→ **Information supplied**:
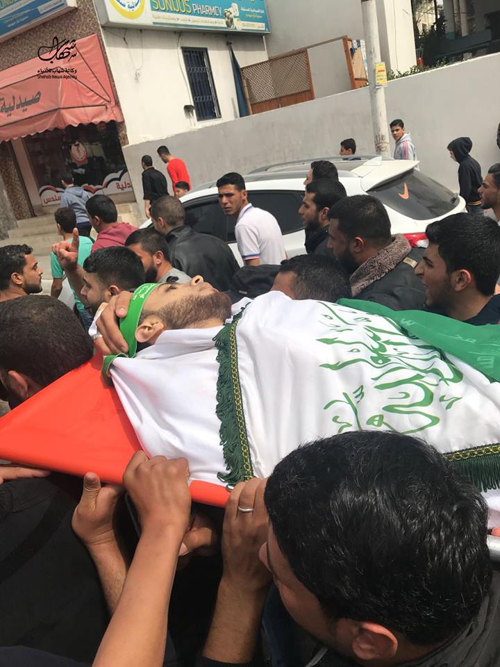 وانطلق موكب التشييع من منزل الشهيد في مدينةغزة، وأديت صلاة الجنازة على الجثمان في مسجد اليرموك، قبل ان يوارى الثرى في مقبرة الشهداء.
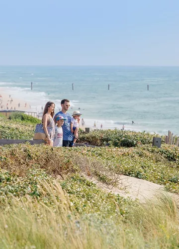 Le soleil commence à se coucher… On termine la journée en beauté avec une balade sur l’esplanade au-dessus de la Plage Centrale. La fin d’une belle journée en famille à Bisca Grands Lacs !
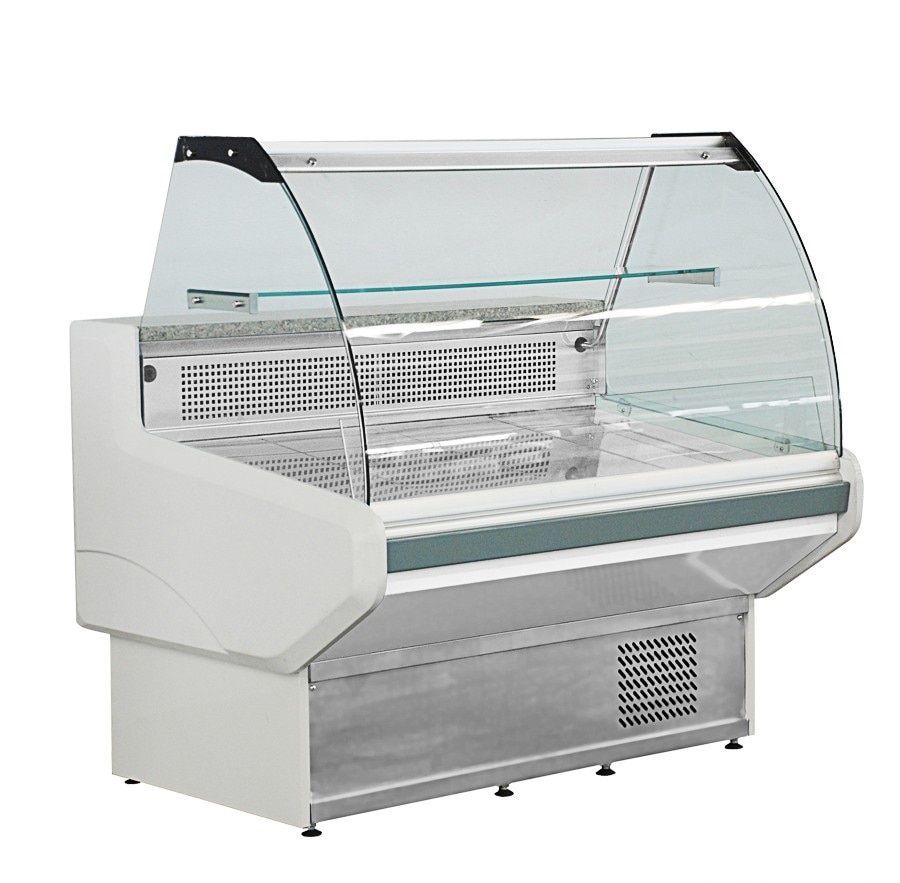 elegant curved glass front for a sophisticated presentation of high end deli products.

→ **Aim of the task**: Return the material above verbatim. Pictures are to be excluded.

→ **Written response**:
 وانطلق موكب التشييع من منزل الشهيد في مدينةغزة، وأديت صلاة الجنازة على الجثمان في مسجد اليرموك، قبل ان يوارى الثرى في مقبرة الشهداء.
 Le soleil commence à se coucher… On termine la journée en beauté avec une balade sur l’esplanade au-dessus de la Plage Centrale. La fin d’une belle journée en famille à Bisca Grands Lacs !
 elegant curved glass front for a sophisticated presentation of high end deli products.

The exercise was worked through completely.